As public concerns about the various emissions and odors associated with pork production continue to mount and pork producers become increasingly committed to minimizing biosecurity breeches to protect herd health, composting has become a common method of mortality disposal.

In an effort to reinforce the basic principles and proper management of mortality composting, Karl VanDevender, Extension agricultural engineer and program leader of the livestock and poultry waste management program at the University of Arkansas, authored a recently updated Extension bulletin on the topic.

The purpose of composting is two-fold:
• To convert dead animal carcasses into a dark, humus-like material similar to potting soil, and
• To kill many disease-causing pathogens, which requires that temperatures above 131° F be maintained for at least three consecutive days.

The challenge with mortality composting, especially with larger animals, is the inability to maintain a uniform mixture of high-carbon bulking agent and carcass material. When placed in a bulking agent, the area around the carcass tends to be in high moisture, with low carbon-to-nitrogen (C:N) ratios and low-oxygen levels (Table 1).

“In essence, rather than a homogeneous mixture, mortality composting is the above-ground burial of mortality in a carbon material,” VanDevender explains. “As a result, adjustments need to be made for the mortality composting process to be successful.”

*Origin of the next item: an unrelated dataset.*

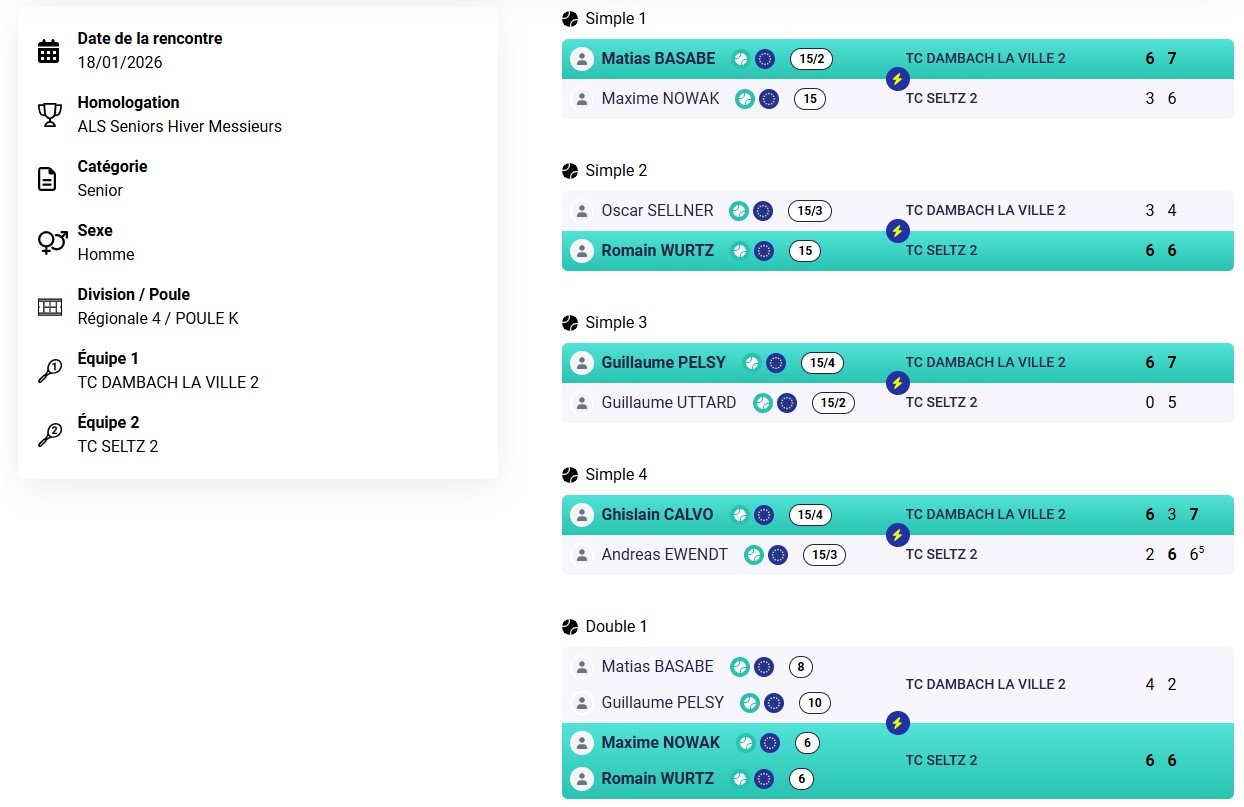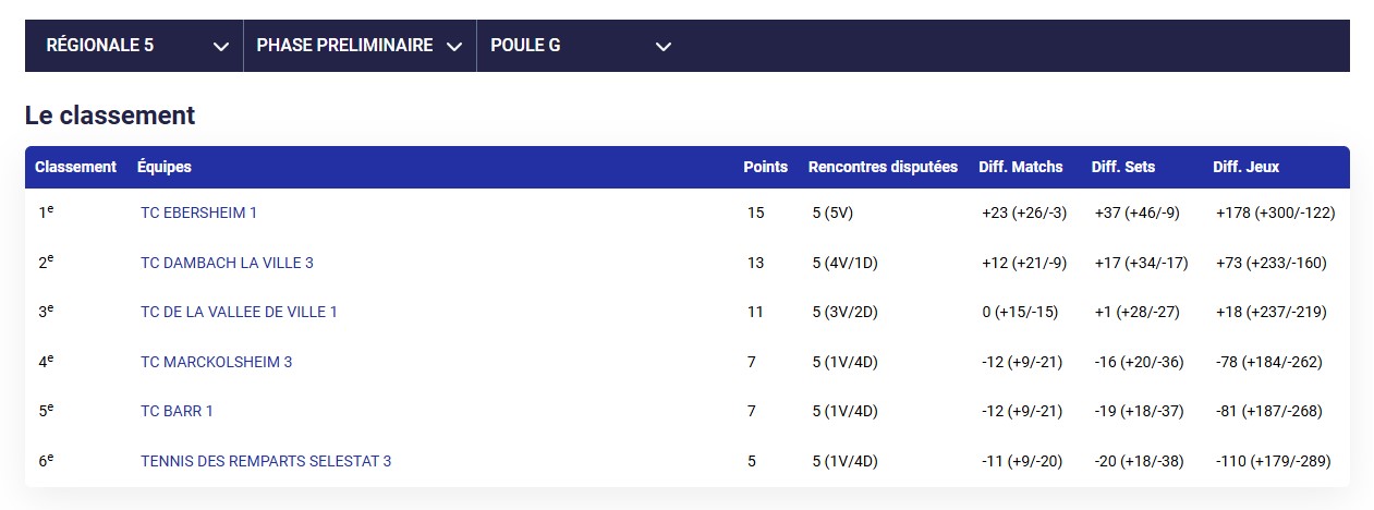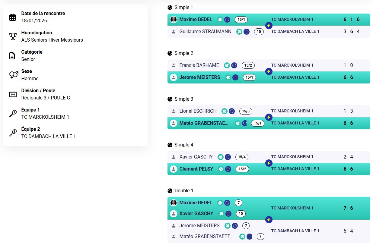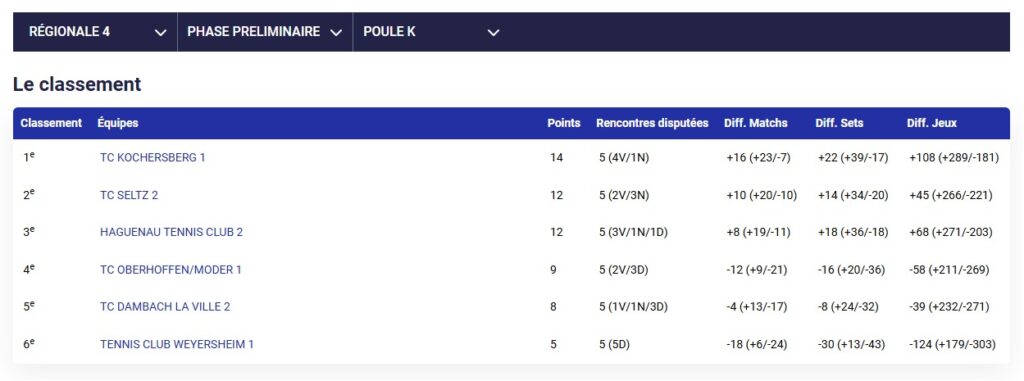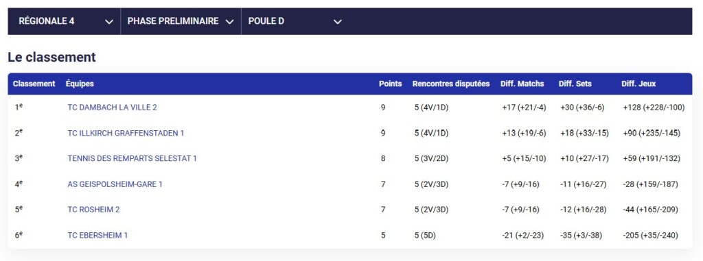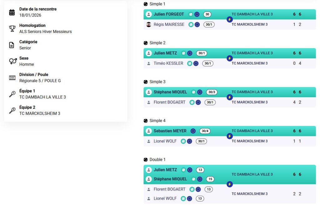 Résultats des TMC du week-end au TC Dambach-la-Ville

The most important adjustment is adding ample bulking material to absorb the water released as the carcass decomposes. Adding bulking agents accomplish three things:
1. Prevents seepage (leachate) from escaping the compost pile.
2. Serves as a biological air filter. The area near the carcass is generally anaerobic and generates objectionable odors. The bulking agent provides the biological activity necessary to “scrub” or convert the odorous gases, VanDevender says. A side benefit of effective odor control is it doesn’t attract flies and scavengers.
3. Provides insulation. Adequate bulking agent mass helps retain the heat generated by microorganisms. This is especially important in cold climates.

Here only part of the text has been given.